Nathan Sawaya talks about his LEGO exhibition, The Art of the Brick: DC Superheroes
- Murray Robertson
- 3 March 2017
Exhibition features over 120 sculptures crafted entirely from LEGO bricks
For the past decade, former lawyer Nathan Sawaya has been exhibiting his extraordinary sculptures created entirely from LEGO. Now, on London's South Bank, Sawaya's latest exhibition is on show, a celebration of LEGO and comic book characters, titled The Art of the Brick: DC Super Heroes.
'I had this idea of doing an exhibition that focused on good and evil and the idea of heroes and villains,' explains Sawaya. 'I grew up watching Super Friends, I was a big Batman fan and I watched the TV show in syndication when I was a kid. So I've always been a fan of superheroes.'
Astonishingly, the new exhibition comprises over 120 sculptures crafted from more than two million LEGO bricks, all based on characters from the DC universe. It took Sawaya about 18 months to complete. 'The Batmobile was quite an undertaking,' he says. 'It's one of the largest things I've ever built and it took me two months to create in collaboration with Jim Lee, the legendary comic book artist. He's drawn hundreds of Batmobiles in the comics over the years and so I talked to him about it. He sketched out some ideas and we came up with a brand new Batmobile for this exhibition.'
Back home in Los Angeles, Sawaya has a specially stocked art studio filled with six million LEGO bricks. 'They're all sorted by shape and colour so I can immediately find what I need.
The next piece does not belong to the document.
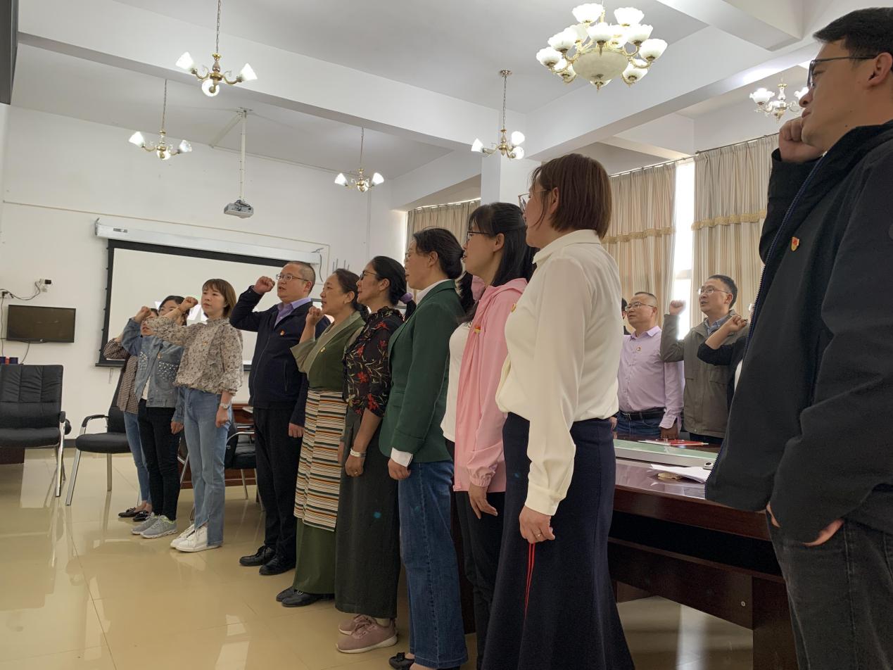 会议第一项,在小何燕老师的带领下,以集体宣誓的方式,重温对党的忠诚誓言,表达为党的事业奋斗终身的决心;会议第二项,旺姆院长和王元林副书记带领大家分别学习了新民主主义革命时期历史、社会主义革命和建设时期历史、改革开放新时期历史、党的十八大以来的历史、党在西藏执政的光辉历史五个专题内容,回顾中国共产党艰苦奋斗的光辉历史,用香港澳门回归、神舟十二号发射、拉林铁路开通等事例说明了中国共产党的发展以及如今来自不易的幸福生活,要求大家作为党员、教育工作者要时刻不忘初心、牢记使命,进一步增强了党员的责任感和使命感,激励和提醒每一位教师把个人前途命运与党紧密联系起来。大家聚精会神、认真聆听,不时伏案做笔记,收获颇多。

But I'm a very unique customer,' he says with some understatement. 'I'm buying hundreds of thousands of bricks every month direct from LEGO.'
Perhaps surprisingly, Sawaya's process doesn't start with LEGO bricks in hand. 'Once I have an idea there's a lot of sketching and visualising in my mind what the final piece is going to look like before I even put down that first brick,' he explains. 'As I work I glue the bricks together one by one, so it's a slow process. And if I make a mistake I actually have to use a hammer and chisel to break it apart. You definitely need patience for this job'.
Ironically, Sawaya's 17-year-old son 'has no interest in LEGO'. But Sawaya has been a fan of the bricks since childhood. 'When I was a kid I realised you can build anything you can imagine. If you want to pretend to be a rock star you can build a guitar; if you want to pretend to be an astronaut: build a rocket ship.'
It was during his time as a lawyer that Sawaya realised his talent for sculpture. 'I was practising law and I would come home in the evening and I'd need some sort of creative outlet,' he explains. 'Sometimes it was drawing and sometimes it was sculpting. And I'd sculpt out of more traditional media like clay and wire. Then one day I just thought of LEGO bricks and I started experimenting and really trying to find a way to bring LEGO into the art world.'
Some years passed before he was able to make the transition from law to art. 'I had put a website together to showcase a virtual gallery of my work and people started contacting me, commissioning projects. I was spending full days with the law firm and then six hours in the evening taking on these commissions. And after a while it became clear that there was something to this and I left the law firm behind to become a full-time artist that plays with toys.'
The Art of the Brick is on at Doon Street Car Park, London, until Mon 4 Sep.